Бегут минуты, Брендон тихонько поглаживает девушку по щеке, баюкает. Раттлер заинтересованно пододвигает к себе стопку книг, лежащих на краю стола. В основном — труды по анатомии в рисунках и схемах.
— Элизабет, что это за книги?
— Анатомия, — нехотя отзывается она. — Сэр Уильям, я не могу это учить. Мне гадко. А Стивенс говорит, что если не выучу за две недели…
Девушка вздыхает и умолкает. Брендон осторожно отстраняется, садится перед ней на корточки.
«Элси. Расскажи, что здесь происходит. Пожалуйста», — просит он.
— Меня посмотрел доктор. Сказал, что все хорошо, но я попросила, чтобы он сказал, что все плохо. Стивенсу на слова доктора наплевать, — монотонно повествует Элизабет, не выпуская руки Брендона. — Ну… мы с ним деремся, видишь вот. А позавчера меня познакомили с сенатором Баллантайном. Брендон, можно я дальше не буду рассказывать, пожалуйста?
Он мрачно кивает, привлекает ее к себе. Элизабет шепчет:
— Я его боюсь. Он… чудовищный.
Брендон смотрит на генерала прямо и зло. «Вы слышите? — говорит его взгляд. — Чем вы, второй человек в империи, можете повлиять на ситуацию?» Раттлер молчит, думает.

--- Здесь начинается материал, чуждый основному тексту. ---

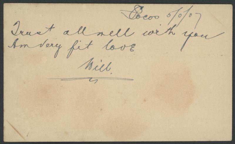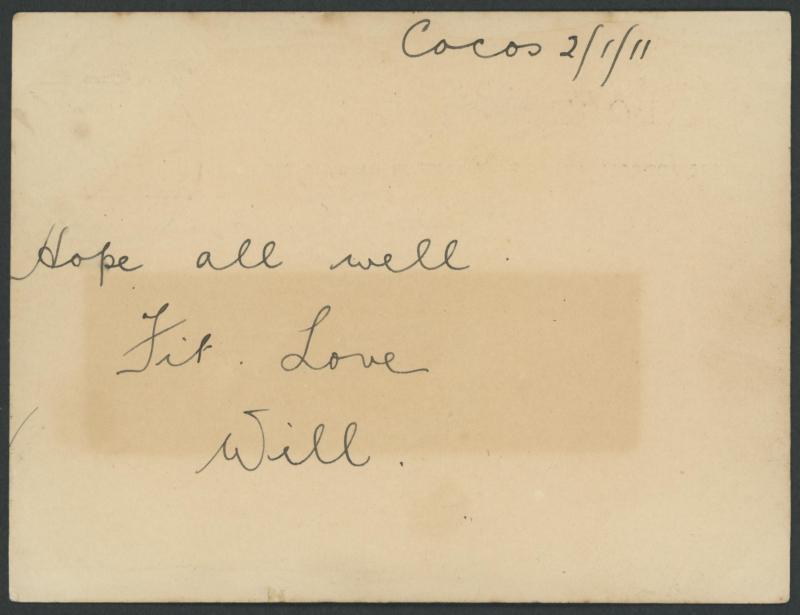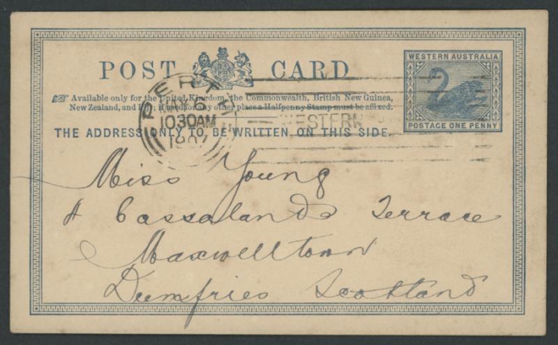 an unusually significant item. Items like this were once thought to have originated on Cocos. It is now recognised that telegraphic messages were sent from Cocos to Perth where they were transcribed onto postal cards and then placed in the mail. (Image1) (Image2)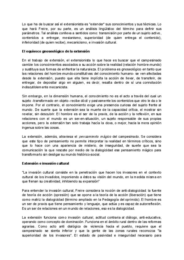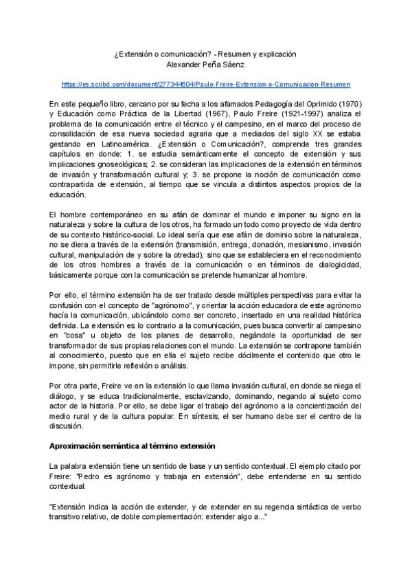 Resumen y explicación del libro "¿extensión o comunicación?" de Paulo Freire realizado por Alexander Peña Sáenz .

— Родной, расскажи, как ты. У тебя очень усталый вид, — просит Элизабет.
«Элси, я работаю над транслятором. День и ночь, надеясь… глупо, конечно, но я верю, что, если сделаю заказ в срок, император будет снисходителен к тебе. Во мне живет надежда, что наш самодержец откажется от планов на тебя. Поймет, что нельзя…»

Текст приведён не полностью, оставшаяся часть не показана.